HESP is delivered over HTTP 1.1. it uses chunk transfer encoding at a very small granularity to allow a very low latency. It uses byte range requests because byte range requests allow you to start at a given position in the video and not just at the start of a segment. And that's obviously very beneficial to reduce the startup latency. Now, alternatively, also HTTP2 frame-based streaming could be used.

HESP relies on two complementary streams to achieve its astonishing results. Our first stream, the initialization stream, contains the keyframes of all the images. Now, this stream is not regularly used. It's only used when we start a new stream. At that moment, we request the most recent image that's available in the initialization stream, or another image if you want to start at a specific location. And because the initialization stream's images are keyframes, playback can start at once. Now, keyframes are expensive in terms of bandwidth. So, we do not want to continue playing out the following images from the initialization stream. And that's when the continuation stream kicks in. After the keyframe of the initialization stream, images are requested from the continuation stream. And that's a stream that's regularly encoded for low latency purposes. And request the images from this continuation stream starting at exactly the right location by using a byte range request.

Now let us visualize this: assume we have an initialization stream with frames capital A1, capital B1, and so on. At some point in time, a user wants to start watching video.
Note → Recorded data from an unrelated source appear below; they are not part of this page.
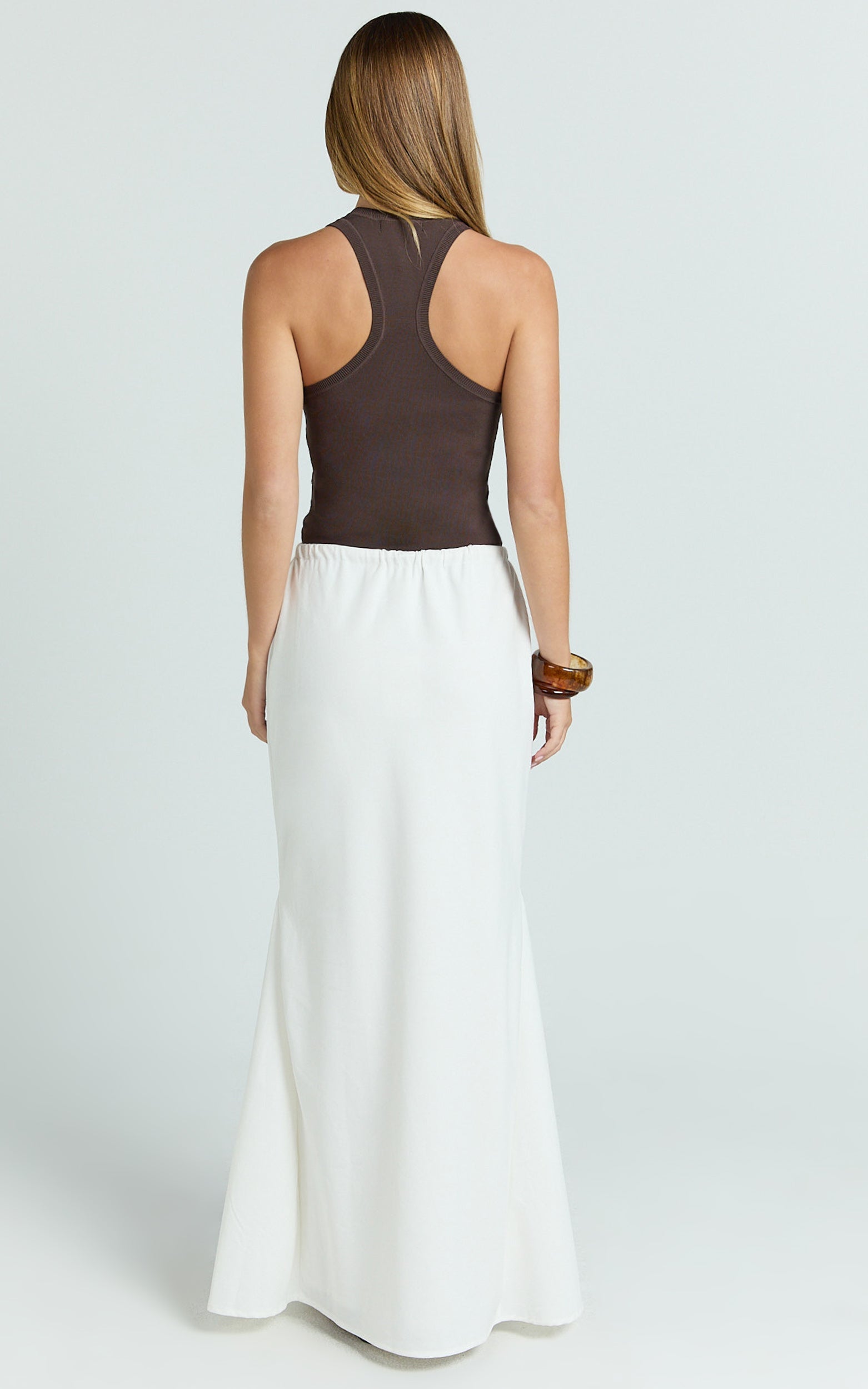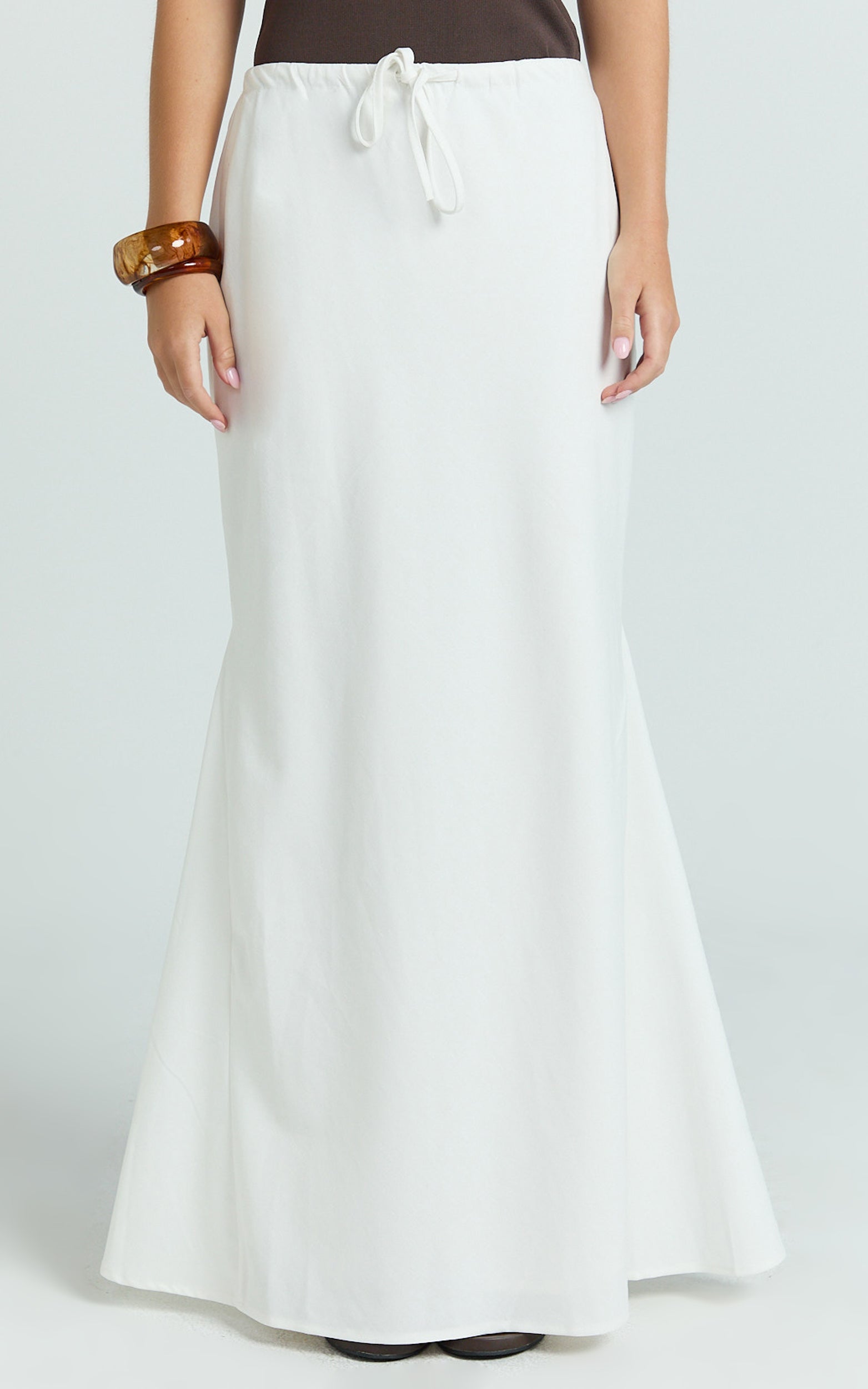 The Jonah Maxi Skirt in Off White is your new go-to for timeless, effortless style. Think easy movement, subtle swish, and an off-white tone that goes with everything - perfect for dressing up or down. A versatile staple for every wardrobe, it blends clean lines with a flattering mid-rise that skims the waist without clinging. The elongating silhouette pairs beautifully with anything from a slouchy knit to a lace-trimmed cami. Keep it casual with sneakers and a crossbody bag for off-duty days, or elevate the vibe with strappy heels and gold hoops for your next brunch or garden party. Minimal, polished, and endlessly wearable, this maxi makes chic look easy.
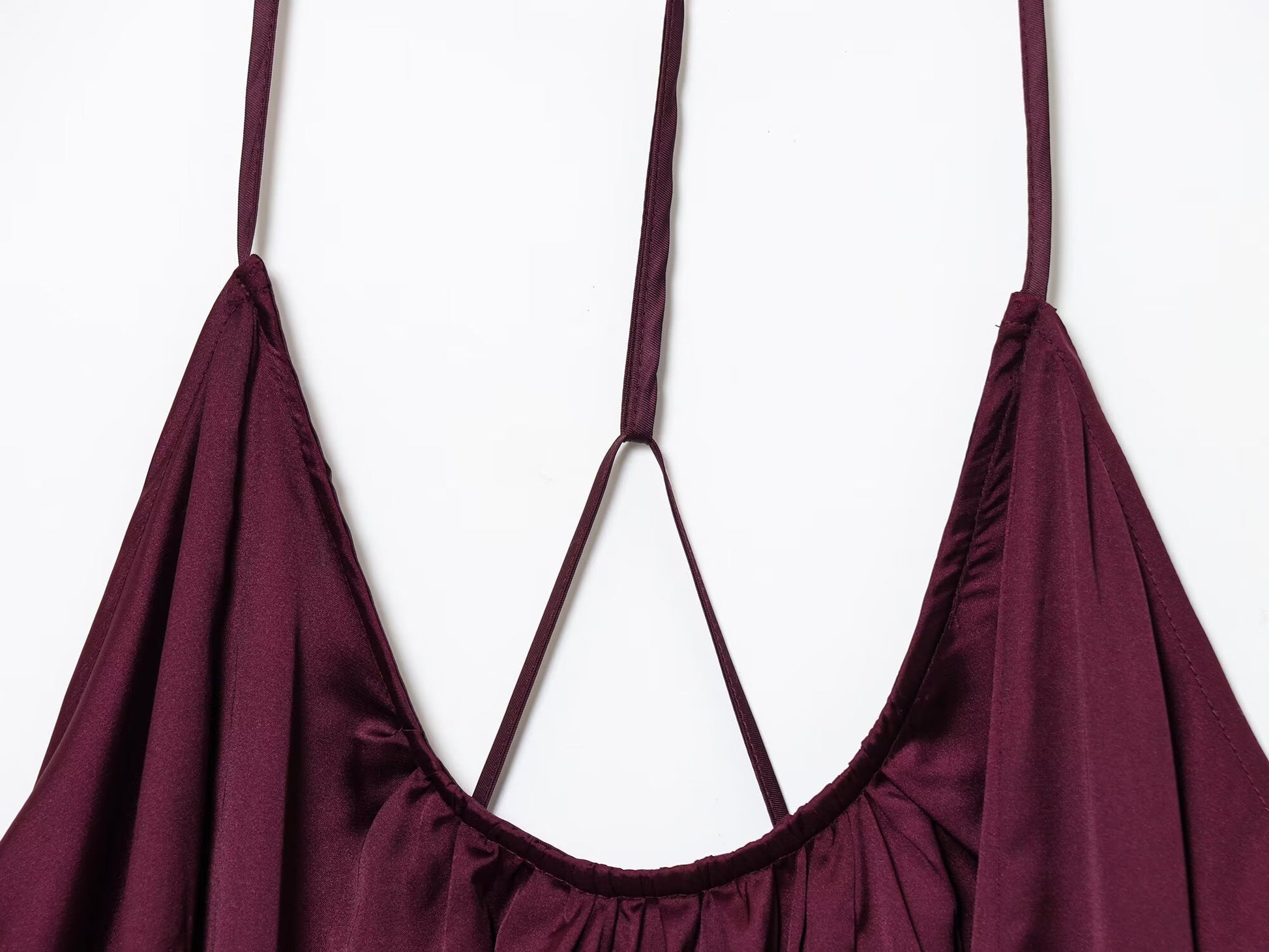 Women's New Fashion Loose Satin Texture suspender Midi Dress
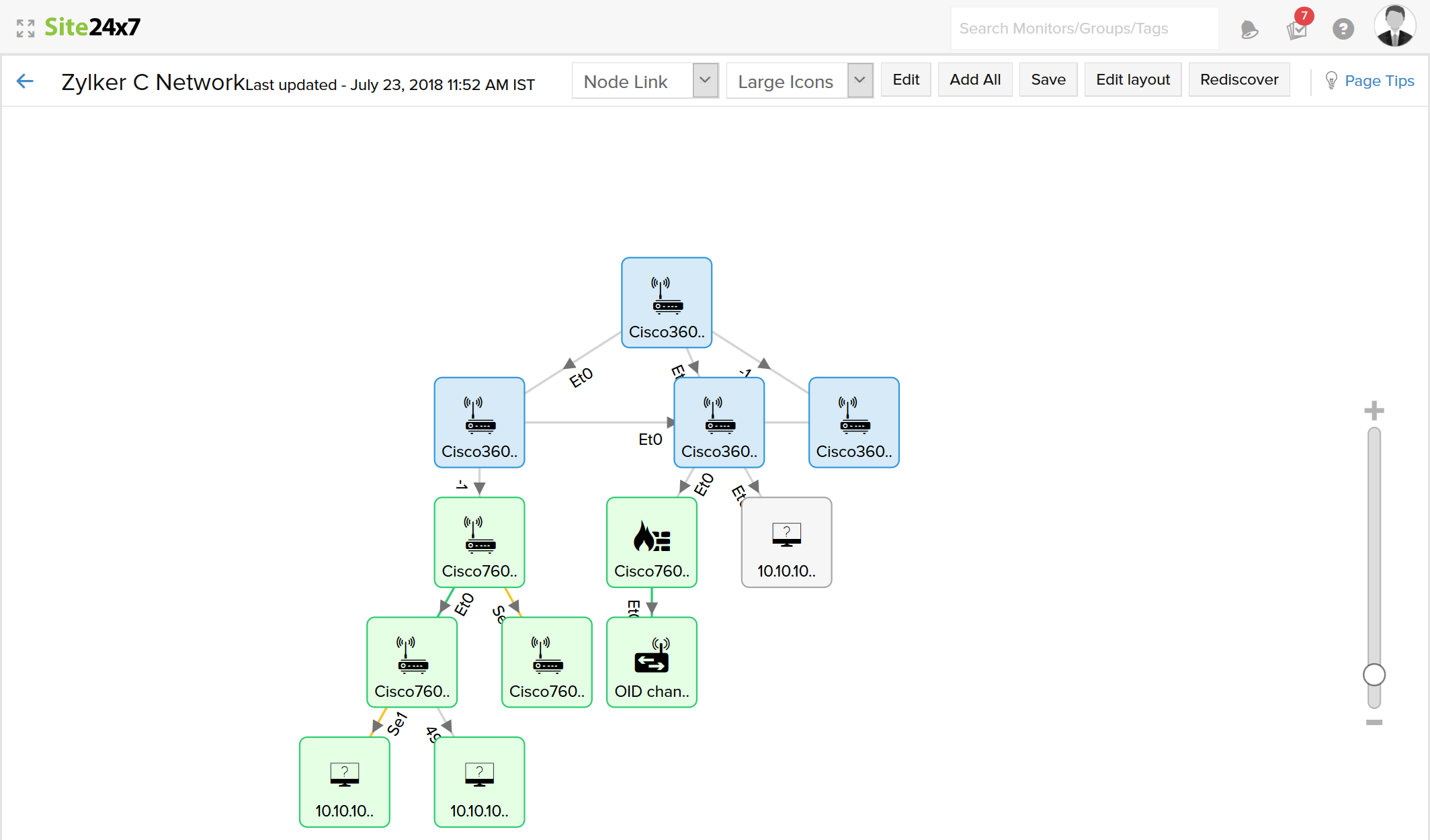 单击编辑布局以编辑地图的布局并调整链接之间的间距。您可以编辑径向树和节点链接结构的布局。基本上,这两种结构都为您提供相同的设备互连映射。它们仅在审美观点上有所不同。径向树看起来像一棵以种子节点为中心的树。而在节点链接结构中,链接是按级别排列的。
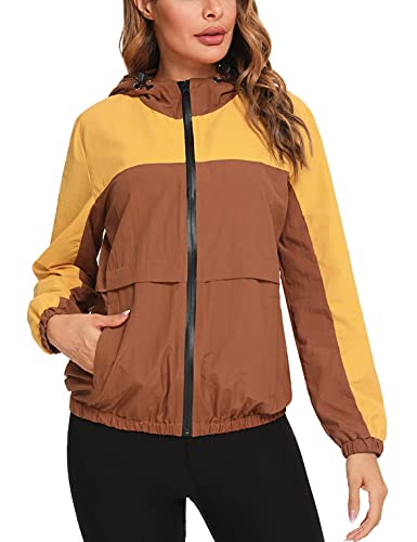 NC Cappotto Impermeabile Donna Giacca Impermeabile Antivento Antipioggia Giacche Leggera Sportiva a Vento con Cappuccio e Tasche per Corsa Campeggio Giallo L
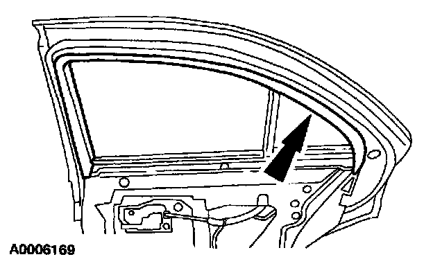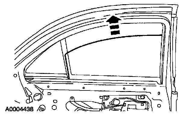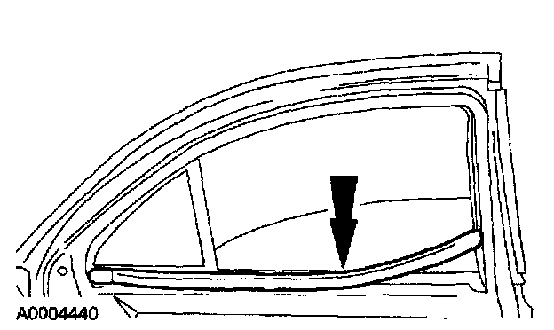 ^ Lower the rear door window glass out of the channel.
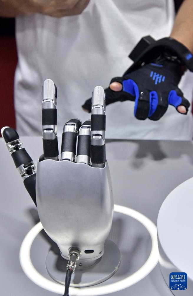8月8日,观众在2025世界机器人大会展馆内与机械手互动。新华社记者 李欣 摄
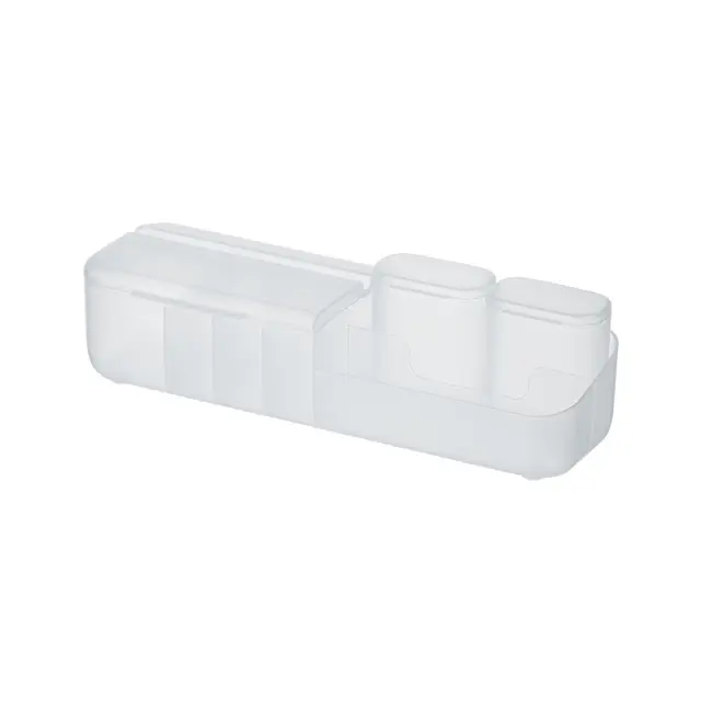 Značilnosti: 1. Robusten in vzdržljiv: izdelan iz visokokakovostne plastike ABS, prozoren, vzdržljiv, vodoodporen, odporen na prah in proti iztiskanju. 2. Transparentna zasnova: Škatla za shranjevanje podatkovnega kabla ima matirano prozorno zasnovo, tako da lahko jasno vidite predmete v notranjosti, tako da jih lahko hitro najdete, ko jih potrebujete. 3. Velika zmogljivost: škatla za shranjevanje podatkovnega kabla je zasnovana v različnih velikostih in je opremljena tudi z dvema prenosnima škatlama za shranjevanje, ki lahko lepo shranita različne drobnarije in prihranita prostor na namizju in predalu. 4. Organizirano shranjevanje: razvrstite in shranite vse, da se izognete neurejenemu nakitu kabelskih slušalk. Poskrbite, da bo vaš dom ves čas čist in urejen na zgornji mizi in predalu. 5. Večnamenska uporaba: našo zasnovo predelne stene v velikosti škatle za shranjevanje lahko postavite ločeno na namizje ali v predal. Dve majhni škatli za shranjevanje sta enostavni za prenašanje, ne zavzameta prostora, ko greste ven, vaša torba pa lahko ostane čista in urejena.

So, the player will then request the most recent initialization frame, let us say capital C1. Next, the player will automatically request the following images from the corresponding continuation stream at exactly the right location, so small d1. And then it's followed by small e1, small f1, and so on. And it's the protocol details of HESP that will define how we exactly find the small d1 and e1 after having received capital C1. Now assume that the user wants to change the channel. The player then requests a new initialization frame, it requests the most recent initialization frame of the second video, let us say capital G1. And after that, the continuation stream takes over with small h2 i2 and so on.

To implement the HESP protocol, some components in the video delivery chain need to be modified. Now, we can still rely on standard contribution feeds to the encoder, nothing changes there. We can still use regular encoders, however, with a specific configuration tuned for low latency in general and HESP in particular. The packager obviously needs to support the HESP protocol and the HESP feeds are then distributed over a regular CDN. Now this CDN should just support some transfer encoding such as for low latency DASH and byte ranges such as for low latency HLS. And then finally, obviously the player needs to be HESP compliant as well. Now, while THEO provides a player, we do not commercialize packagers. For that, we are working together with packaging vendors such as Synamedia.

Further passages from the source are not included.